HISTORY

"MR PUMA"
HELMUT FISCHER

私は1978年からプーマに勤めており、現在は上級顧問として、これまでの経験をプーマの若手世代に伝えています。
以前は、2009年から2012年までプーマドイツのスポーツマーケティング部門の責任者を務めていました。その前は、プーマドイツの広告部門の責任者でした。
今回、みなさんにプーマ史に残る重要な出来事をいくつかご紹介することができ、非常に光栄に思っています。
世界最速のスポーツブランドであるプーマ、その魅力を際立たせる数々の逸話を是非お楽しみください。

1924

ルドルフとアドルフのダスラー兄弟が、ドイツのヘルツォーゲンアウラハに“ダスラー兄弟製靴工場”(Gebruder Dassler Schuhfabrik)を創立しました。
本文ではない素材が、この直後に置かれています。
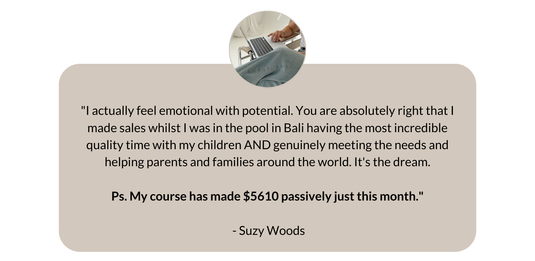 Before working with me, Suzi was overworked, exhausted, and stuck trading time for money. We launched her online course and built evergreen sales funnels. Four months later, she shared this:
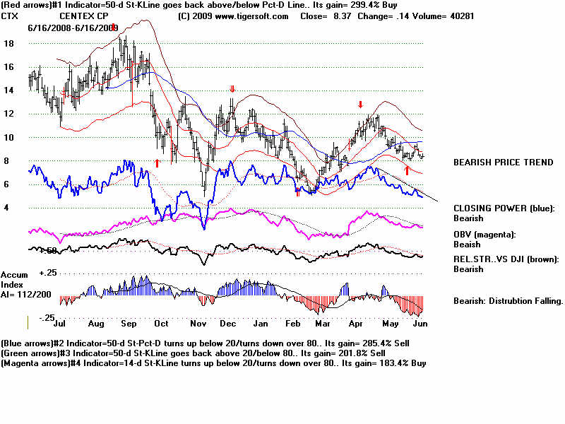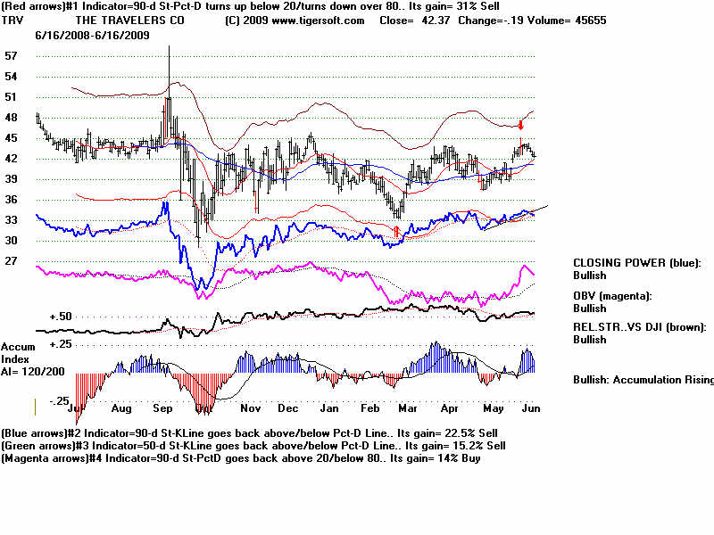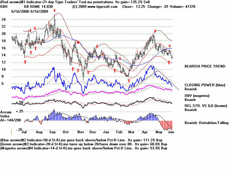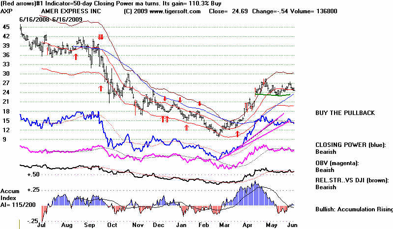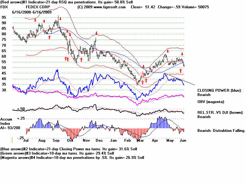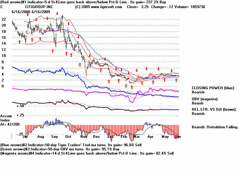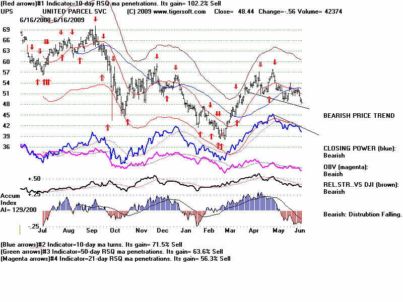 The DJIA has slightly penetrated its 21-day ma. A rebound from here cannot be ruled out. But the Sell S8 is much more likely to bring a further decline when the DJI is not near an all-time high and is instead rebounding off a bear market low. Note the break in the NYSE A/D line and the poor breadth today. In addition, the DIA's Closing Power is falling, as is SPY's. (See these two charts just below). The QQQQ has broken its steep Closing Power uptrend. It is testing its less steep uptrend. It seems bound to test its rising 50-day ma. There are a growing number of stocks that look bearish. Their breaking the 50-day ma with a negative Accumulation Index and falling Closing Power are reliable signs of a decline. Only about 15% of stocks, I reckon now, show this. Here are some cases to study, if you want to see what TigerSoft considers bearish. Vulnerable Looking Stocks BAC - heavy distribution and falling Closing Power. BDK - Completed continuation head and shoulders pattern. C - Bleak internals. Only Obama bailouts will save it. Political opposition is growing to this. Watch COF- Capital One - to see if it can stay above its blue 50-da ma with such weak internals. Home Builder CTX has a bearish confirmed 50-day ma penetration. DD in DJIA shows a bearish head and shoulders pattern with distribution on right shoulder. John Deere shows a reliably bearish hands above the head pattern. Watch FCX to see if metals prices are going to drop as world demand slows up. Federal Express - confirmed breakdown below 50-day ma. Why is Public buying GE at opening so aggressively and professionals selling even more so? JP Morgan -confirmed breakdown. Home-builder KBH shows a bearish head and shoulders pattern and confirmed breakdown. Home-builder LEN shows a bearish confirmed breakdown. Conglomerate TXT shows a bearish confirmed breakdown. United Parcel Service is being hit by a double whammy: falling consumer demand and rising oil prices. In this environment, we should wait for a new Peerless Buy signal. Seasonality remains bearish. Since 1965, the DJI has risen only 34.1% of the time over the week following June 16th and 40.9% of the time over the next two weeks. ![]() 6/15/2009 The V-Indicator has dropped below its declining 21-day ma in the vicinity of a falling 200-day ma. The V-Indicator's 21-day ma is also negative. That does not look good. A decline by the DJI to 8300 and lower band are likely to give new Buys as long as the Accumulation Index and P-Indicator remain positive. The P-Indicator stands at +229, which gives it some cushion to stay positive if the DJI should fall another 3.5% to the lower band now at 8275 and rising 20 points a day. The Accumulation Index is at .056. This also provides a cushion for the market on a further decline. The DJI now stands .5% above its rising 21-day ma 40 points below today's close. Will the rising 21-day ma be violated? Initially I thought that we might get some idea of what to expect here by looking all the cases where there is a test of that ma within 2 months of a B18, which is what we had here 3 weeks ago. That reflects the very good breadth. I estimate that declines more than a two percent below the 21-day ma take place in the two months after a Buy B18 only in about 25% of all cases. In about 14% of the cases, the DJI falls below the lower 3.5% band within 3 months of a Buy B18. Of course, we have a unique market. Breadth has been unusually bullish. But the depth of the bear market has badly shaken confidence. To start a real bull market, we will probably need a re-test some level nearer 7500 or even 6500. Today, there was a clear break in the NYSE A/D Line and that has in the past reliably confirmed an Sell S8. Further analysis shows that the Sell S8 may cancel the bullishness of the previous B18. When there was also a Sell S8, a decline to at least the the lower.band always occurred, despite the B18. Look at the only cases, 3 instances, where there was a B18 AND a Sell S8. Interestingly, in two cases the DJI declined 10% and in one cases the DJI fell to the lower band twice before starting much of a rally. A 10% decline here would take the DJI to 7900. =============== 1946 ===================== ![]() ================ 1950 ======================== ![]() ================ 1975 ======================== ![]() 6/14/2009 Watch Breadth This Week Closely. Very Weak Breadth Would Confirm The New Sell S8. Peerless Still Operates on a Buy, unless you wish to use the tentative Sell S8 discussed last week. In 7 of 10 cases the DJI fell at least 9% after this signal. So, it is important. It is confirmed by weak breadth (NYSE advances - declines). The new signal needs a real-time test to be adopted. Since the NYSE A/D Line still is in a steep rising trend, it's probably best to adopt a wait and see attitude. But broad weakness all day Monday will break the A/D Line uptrend. That would make the S8 look like it did in 1932, 1933, 1935, 1939 and 1975.

最初の商業的成功:1928年にアムステルダムで開催された夏季スポーツの祭典において、大多数のドイツ人アスリートがダスラー製のスパイクを着用しました。1936年にはジェシー・オーエンスがダスラー製スパイクを履き、ベルリンで開催された夏季スポーツの祭典で4つの金メダルを獲得しました。最終的には、ダスラー製のシューズを着用した世界トップクラスのアスリートたちが7つの金メダルと5つの銅メダルを獲得し、2つの世界新記録と5つの大会記録を樹立しました。この出来事は、ダスラー兄弟に国際規模の成功につながるきっかけを与えました。

1948

ルドルフ・ダスラーが、プーマシューファブリック・ルドルフ・ダスラーを創立しました。この会社は、1948年10月1日に正式に登記されました。“ダスラー兄弟製靴工場”の事業資産は、2人の兄弟の間で分配されました。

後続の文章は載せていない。